> _Aim of the exercise_
Using the listing below, print the line containing "Nalaďte své nejmenší", the line containing "Þau sitja innandyra", and each line between them, exactly and nothing else. Pictures stay out of the print.

> _Listed entries_
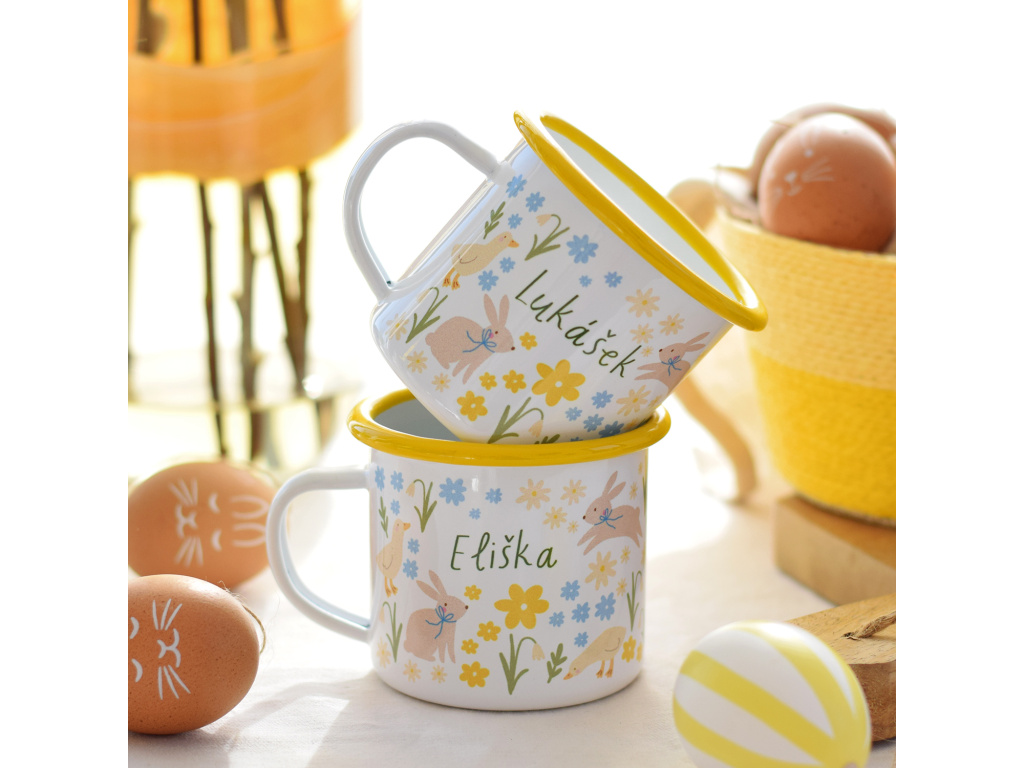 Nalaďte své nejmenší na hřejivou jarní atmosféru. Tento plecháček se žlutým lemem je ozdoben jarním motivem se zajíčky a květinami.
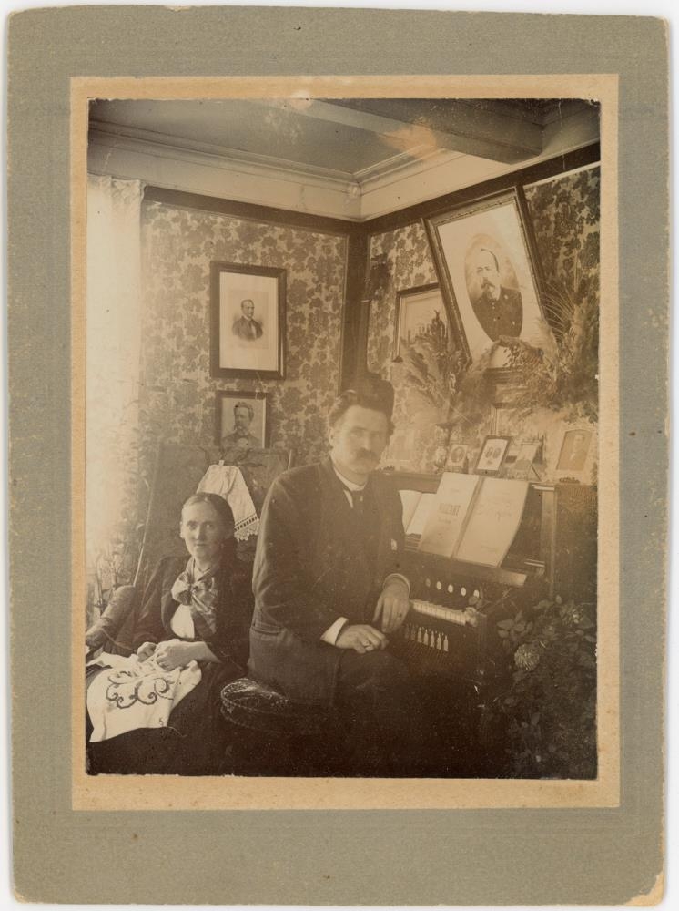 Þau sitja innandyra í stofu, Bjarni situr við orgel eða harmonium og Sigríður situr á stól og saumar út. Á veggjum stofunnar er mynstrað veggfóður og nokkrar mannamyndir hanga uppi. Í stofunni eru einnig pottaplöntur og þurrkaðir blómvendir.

...

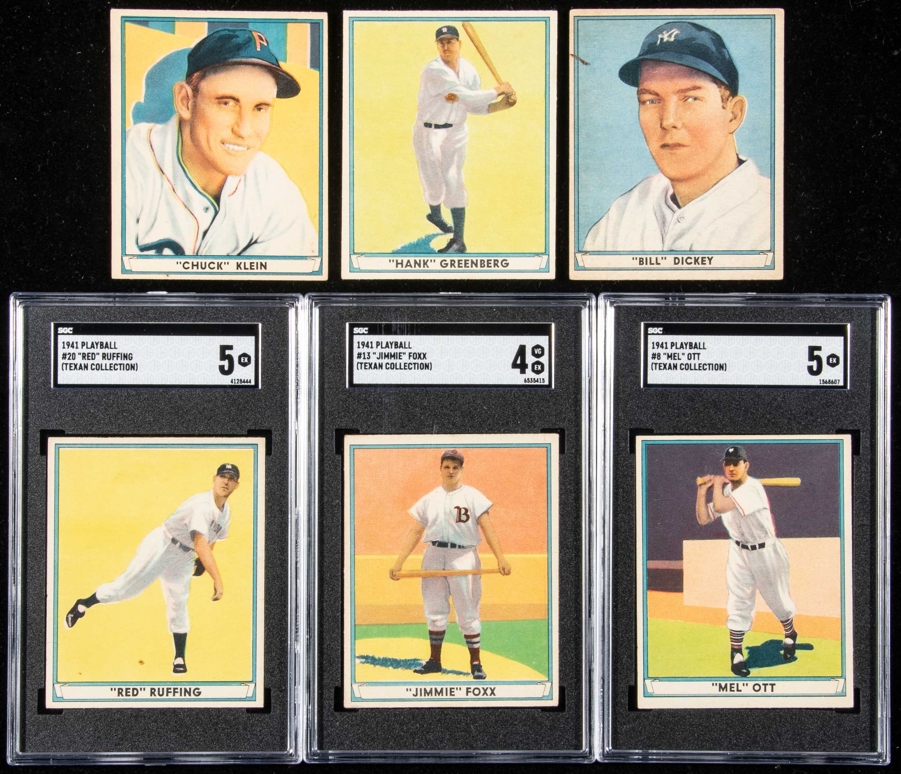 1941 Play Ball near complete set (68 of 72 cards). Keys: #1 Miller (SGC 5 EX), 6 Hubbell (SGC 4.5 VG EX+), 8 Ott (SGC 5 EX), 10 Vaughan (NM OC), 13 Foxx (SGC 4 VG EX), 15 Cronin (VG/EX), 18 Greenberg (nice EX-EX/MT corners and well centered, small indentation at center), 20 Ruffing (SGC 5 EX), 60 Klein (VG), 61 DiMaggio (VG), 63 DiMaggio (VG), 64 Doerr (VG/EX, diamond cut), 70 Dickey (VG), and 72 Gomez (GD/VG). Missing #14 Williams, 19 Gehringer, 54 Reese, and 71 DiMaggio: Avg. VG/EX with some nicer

--

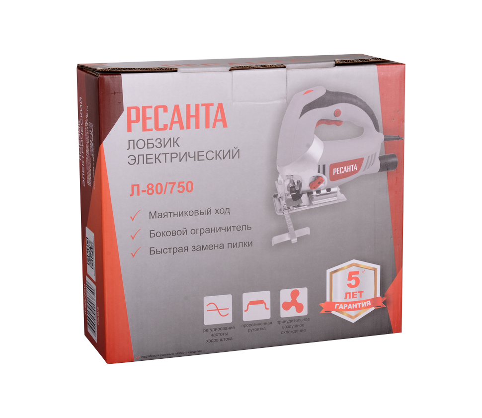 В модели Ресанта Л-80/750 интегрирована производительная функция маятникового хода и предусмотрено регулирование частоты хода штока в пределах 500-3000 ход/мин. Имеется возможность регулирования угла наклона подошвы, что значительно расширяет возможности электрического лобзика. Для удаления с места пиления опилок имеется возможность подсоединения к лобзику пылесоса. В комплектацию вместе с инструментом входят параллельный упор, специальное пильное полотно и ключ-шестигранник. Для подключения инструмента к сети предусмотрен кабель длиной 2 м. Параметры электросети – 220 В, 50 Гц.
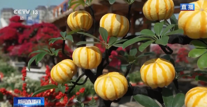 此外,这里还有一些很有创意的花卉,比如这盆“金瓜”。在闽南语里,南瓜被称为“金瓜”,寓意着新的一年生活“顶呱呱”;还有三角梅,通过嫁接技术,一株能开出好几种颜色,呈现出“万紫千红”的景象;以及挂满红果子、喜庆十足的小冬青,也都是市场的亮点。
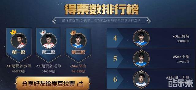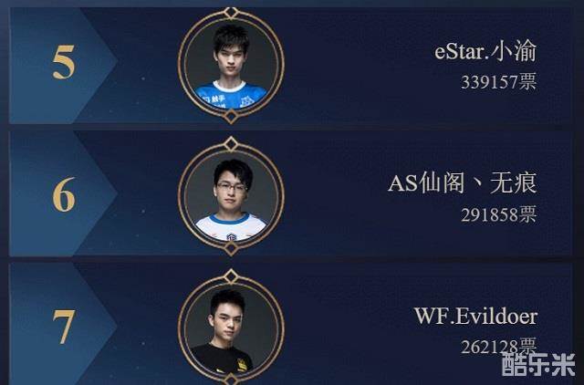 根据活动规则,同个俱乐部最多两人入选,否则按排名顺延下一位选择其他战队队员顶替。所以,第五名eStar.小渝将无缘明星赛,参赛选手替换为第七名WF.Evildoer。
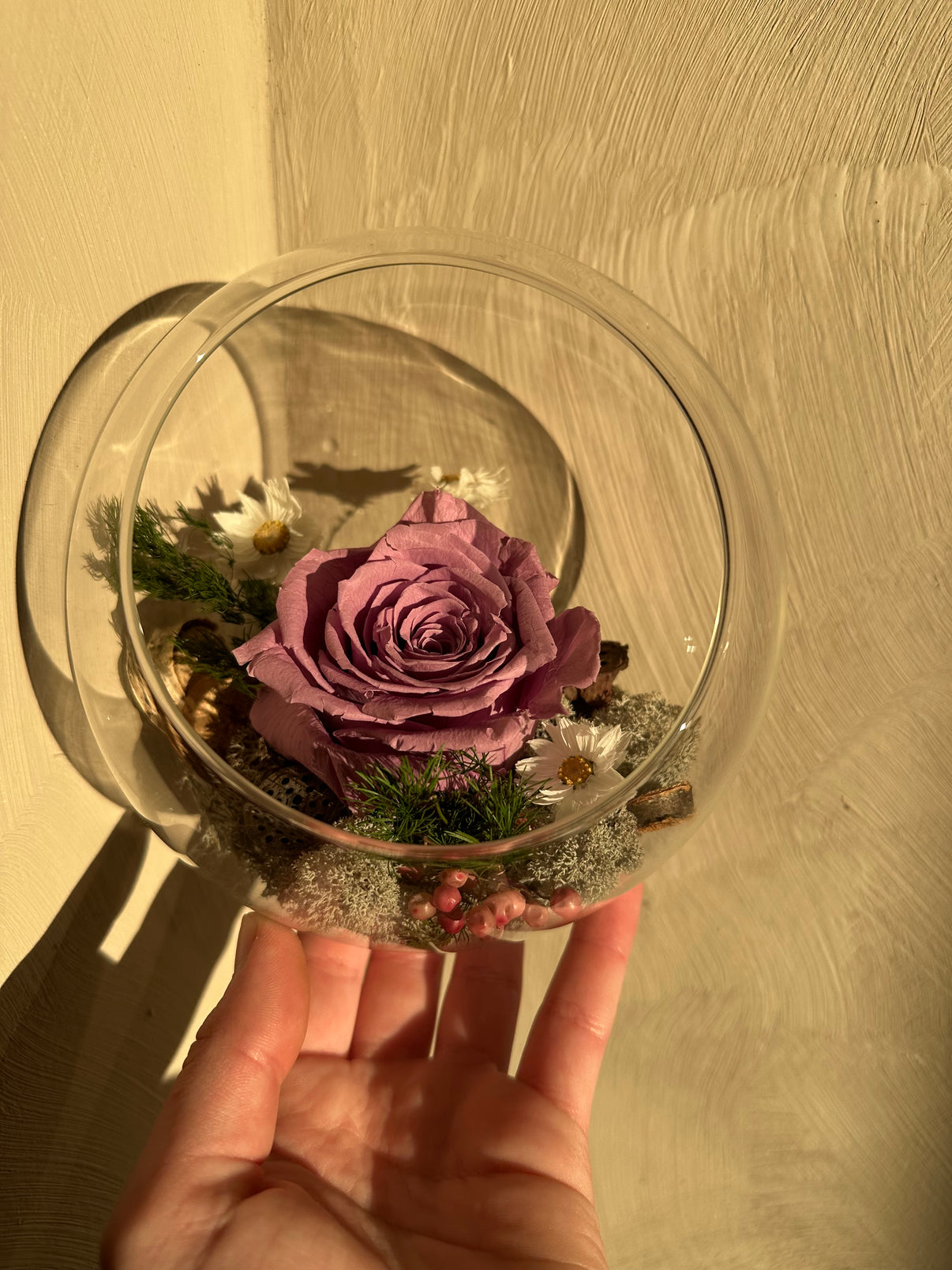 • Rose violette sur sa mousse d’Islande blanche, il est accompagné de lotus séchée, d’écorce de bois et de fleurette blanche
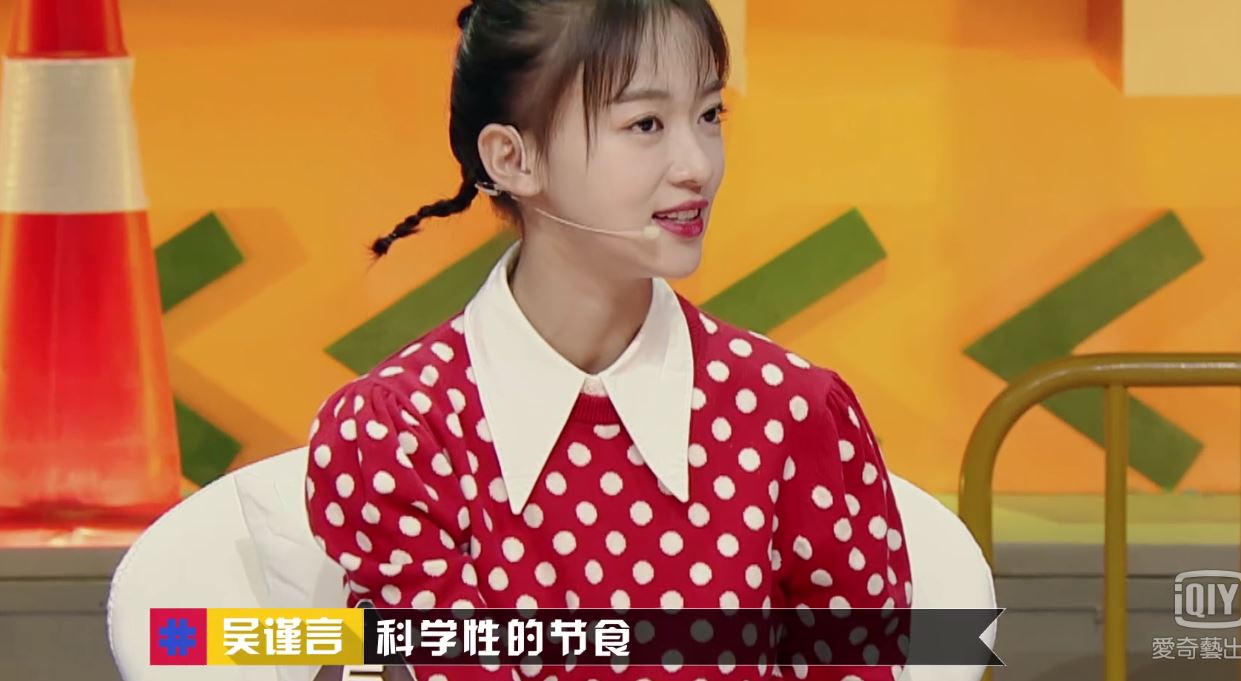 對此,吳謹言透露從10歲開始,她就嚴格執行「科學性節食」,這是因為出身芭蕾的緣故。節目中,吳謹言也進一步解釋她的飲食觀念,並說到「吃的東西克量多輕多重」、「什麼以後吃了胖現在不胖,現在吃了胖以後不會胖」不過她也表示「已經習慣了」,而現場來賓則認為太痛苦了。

> _Solution to the exercise_
 Nalaďte své nejmenší na hřejivou jarní atmosféru. Tento plecháček se žlutým lemem je ozdoben jarním motivem se zajíčky a květinami.
 Þau sitja innandyra í stofu, Bjarni situr við orgel eða harmonium og Sigríður situr á stól og saumar út. Á veggjum stofunnar er mynstrað veggfóður og nokkrar mannamyndir hanga uppi. Í stofunni eru einnig pottaplöntur og þurrkaðir blómvendir.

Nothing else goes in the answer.